> Task to carry out: Pictures are to be left out. Copy exactly, and only, the lines from the start of the entries below to the line with "6kpl hyväkuntoista keskilattiakalustetta", both included.

(Items from a dataset)
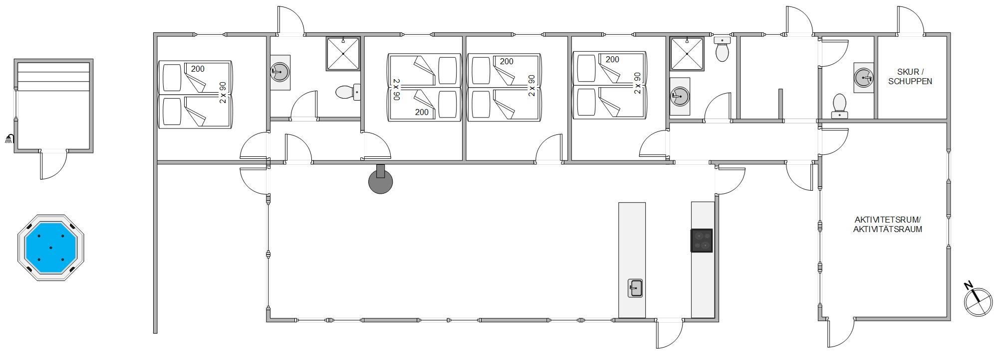 Det 166 m2 store aktivitetshus er indrettet med rigelig plads til alle. Her kan familien tilbringe mange hyggelige og underholdende feriestunder sammen. Lav f.eks. en bordtennisturnering og find feriens bordtennismester.
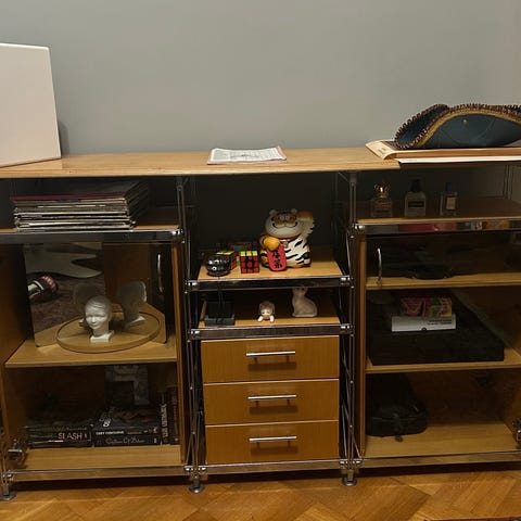 6kpl hyväkuntoista keskilattiakalustetta pyörillä. Lev. 135cm. Kork. 149cm. Syv. 60cm. Sisältää etu-ja sivunäyttötangot kaksipuoleisiin telineisiin. Tarjoa!
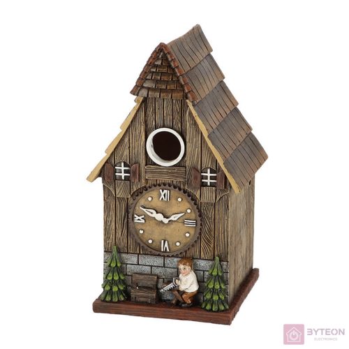 Kakukkos óra alakú, dekoratív madárház. A műgyantából készült házikó ellenáll az időjárás viszontagságainak, szélnek és esőnek. Kiváló menedéket és fészkelési helyet biztosítanak a cinkéknek a kertben vagy az eresz alatt. A 27 mm átmérőjű nyílás ideális a legtöbb cinegeféle számára, így vendégül láthatod a széncinegéket, a kormosfejű cinegéket, a kékcinegéket és a búboscinegéket is. A ferde tető alatti kis lyukakon szabadon áramlik a levegő, ezért nem melegszik fel az odú belseje nyáron sem. A madárház alja levehető, így ha épp nincs lakója a madárháznak, egyszerűen tisztíthatod. Az előfúrt hátoldalnak köszönhetően pillanatok alatt rögzítheted egy fára vagy akár a házfalra is. Teremts otthonos hangulatot szárnyas barátaidnak is ezzel a dekoratív kiegészítővel, mely garantáltan a kert dísze lesz!
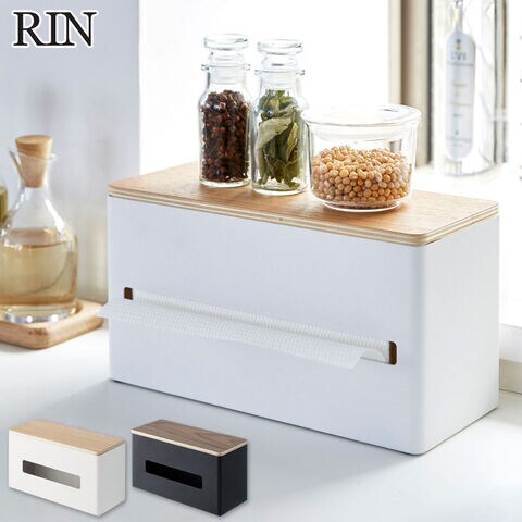 山崎実業 リン 両面ティッシュケース ブラウン 4765 ナチュラル 4766 yamazaki RIN【ティッシュケース 木製蓋 ボックスティッシュケース ペーパータオルケース キッチン 台所 リビング 収納】 ブラウン
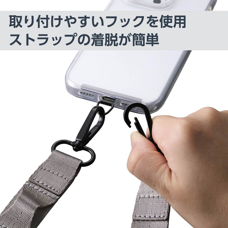 ●取り外しやすいフックを使用しているので、ストラップの着脱が簡単にできます。
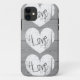 Rustic wood grain Phone case | faded love monogram. Distressed look wood panel design with white monogrammed love heart. Girly vintage gift idea for women. Add your own word, name or initials. Custom grey colours.
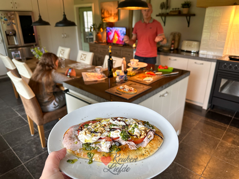 Op de terugweg halen we een boodschapje voor het avondeten en kaas en een ijsje bij de boerderijwinkel. Weer thuis gaat de tiener leren voor de toetsweek volgende week. Ik pak de stofzuiger en Johan maakt het avondeten. Er staat groentesoep met gehaktballetjes en naanbrood met pesto, ham, tomaat, burrata en pijnboompitten op het menu. Dit recept.

> Solution to this task:
 Det 166 m2 store aktivitetshus er indrettet med rigelig plads til alle. Her kan familien tilbringe mange hyggelige og underholdende feriestunder sammen. Lav f.eks. en bordtennisturnering og find feriens bordtennismester.
 6kpl hyväkuntoista keskilattiakalustetta pyörillä. Lev. 135cm. Kork. 149cm. Syv. 60cm. Sisältää etu-ja sivunäyttötangot kaksipuoleisiin telineisiin. Tarjoa!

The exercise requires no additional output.